AB: Did the project financially drain you? How has it been like trying to sustain your own project?
RD: I do not have the resources to produce the whole movie, so I decided to produce a teaser version of the story, so the producers and investors can visually see what this story would be like with me in the lead role.
But I didn’t have enough money to even produce the teaser. I tried to save up for years but I couldn’t. So finally, I decided to use my credit cards to produce this teaser film. From the financial standpoint, it was a huge risk but I felt this was one of the most important pursuits of my life, so I did it.

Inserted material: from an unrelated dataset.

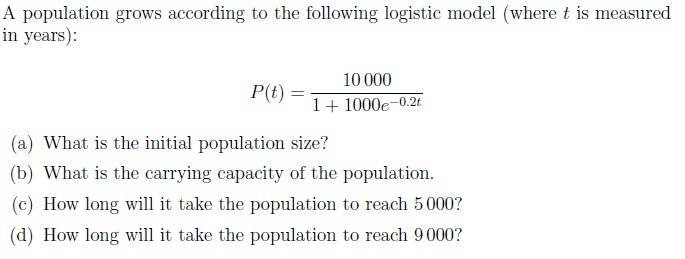 I got all the parts correct for this one, but I'm not sure how to get the carrying capacity of the function. I figured it to be 10,000, as that was what the numerator was. However, I'm sure that's not how it's meant to work. Despite the fact that I got the right answer, I'm not satisfied with the answer I gave.
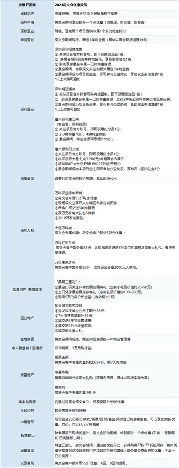 此外,各大开发商在此次盛会中也展现出了极大的诚意。例如,卓越地产推出了专属99折优惠,并在房展会期间为购房者报销单程打车费;深圳中海的中海珑悦理、中海时光境、中海新都荟则提供了享受额外一个点优惠;保利置业则推出了特惠房源、赠送物业费、折扣等超值优惠。这些优惠措施不仅彰显了开发商的诚意,更为购房者提供了难得的置业良机。

This was my first production, and so I guess I was not good enough to do all the budgets properly, as things started the budget started going through the roof and I ended up exhausting all the credits cards I had.
I was still hoping that I would be able to repay all my debts within a few years, but the interest rates were so high and my financial situation and my earnings went so bad that I saw no hope of repaying the debt, the debt kept piling up and up because interest was accumulating at a very fast pace.
Something I am not proud of and I never will be, I applied for bankruptcy. Today, I am jobless and I am officially bankrupt. I don’t know how I will pay my rent next month.
AB: Where do you find yourself now in your Hollywood journey?
RD: Even though today I am bankrupt, I still keep my hopes high. I understand filmmaking is a business, and I have proved repeatedly that the story is a hit story.
I have also proved that as an actor I can justify the lead role so I have done everything in my power to clear any doubts the producers or investors would have.
This teaser film/trailer received 19 awards, including 12 Best Actor awards for my performance in it. I am still hoping someone would like the story I have written and make the film with me.
Shiva is an unfinished love story that will take the viewers on a powerful journey of highs and lows that will keep them on the edge of their seats throughout.
This is not an Indian story, this is not an American story, this is a multicultural film, that many would be able to relate to themselves.